Many small and medium-size enterprises that reach a relative saturation point in their domestic market look toward the global stage as a way to grow into a multinational corporation. This is known as internationalization, the process of increasing business involvement in international operations. Internationalization requires considerable resources and coordination, and it is fraught with business risks.
A quote from Sun Tzu in "The Art of War": "Unless you know the mountains and the forests, the defiles [narrow gorges] and impasses, the lay of the marshes and swamps, you cannot maneuver with an armed force. Unless you use local guides, you cannot get the advantages of the land."

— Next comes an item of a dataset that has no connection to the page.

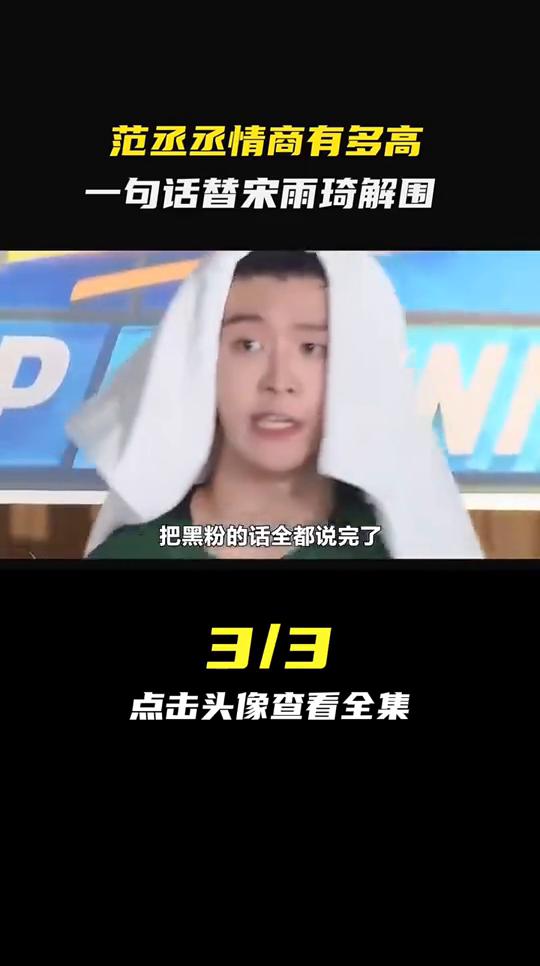 范丞丞情商有多高?一句话替宋雨琦解围。 当年宋雨琦因为玩游戏太拼被网友指责不尊重杨颖,后来她不拼命了反而被观众吐槽划水。因此每次宋雨琦在玩游戏时,范丞丞直接贴脸开大,把黑粉的话全都说完了。 你不赢观众又得说你划水。 阴阳怪气,咱永远不能做一划水的人。 在某节目中大家一起在高级餐厅吃牛排,所有人都熟练地使用刀叉,唯独范丞丞直接用筷子吃牛排,就连鹅肝是什么都不知道,甚至因为吃剩菜汤被同为富二代的马伯骞疯狂嘲讽。 你这也太拼了,这蒜蓉空心菜的水。 当服务员在上菜时不小心打碎了餐具,其他明星都没有任何反应,唯独范丞丞一直在温柔地安慰她。 没事。 我们就是一个搞笑节目,你给我们节目添彩。 果然你永远可以相信范丞丞的人品。

This past summer, my students and I completed a course in Singapore. We had the opportunity of talking about internationalization with BDO Singapore, a prominent global accounting and consulting firm. In addition to reporting, audits and tax, internationalization is increasingly becoming an important service that accounting firms can provide to their clients. BDO suggests that internationalization involves three important steps to assist clients.
Step 1 involves an assessment of the firm's resources and capabilities in relation to an assessment of the foreign markets using an International Readiness Index. BDO's IRI measures a firm's readiness to expand internationally by scoring the firm's strategy, foreign market knowledge and resources. Often, a firm's market knowledge is gauged through detailed research and a low-risk, low-cost approach that involves a small foreign market exposure through infrequent exports. This macro assessment of the foreign market should include an understanding of the impact of the market's economic health and legal and political environment on the firm's likelihood of succeeding. At the firm level, resource availability, consumer preferences and competition must be researched to see whether they support a firm's international moves.
Step 2 requires a risk analysis of the internationalization initiative. The strategic ranking index can help a firm understand how well its strategies fit with internationalization by quantifying the credibility and financial returns from making the move. Psychic distance is a measure that evaluates the relativities of language barriers, cultural barriers, economic situations and political and legal atmospheres. Management accountants and business analysts are engaged in developing a profit plan that forecasts the expected results of internationalization using projected income statements, balance sheets and cash-flow statements. The profit plan demonstrates how the internationalization initiative is expected to create value from a given set of resources and highlights whether additional investment is required.
Step 3 requires the firm to evaluate its options for entering the international market. There are many modes of entry, and each has an associated cost, benefit and risk. Exporting is one of the most inexpensive ways of entering a foreign market. It can involve overcoming barriers such as trade restrictions, product distribution and a loss of control on pricing or marketing.
To overcome some of these issues, domestic firms may subcontract a foreign firm to perform one or more of the business processes. More adventurous firms may start a new venture in a foreign country by constructing facilities from the ground up. Others may acquire a competitor, supplier or distributor to gain entry into the foreign market. If the capital requirements are too much, firms can consider a joint venture, licensing agreement or franchising agreement as a mode of entry.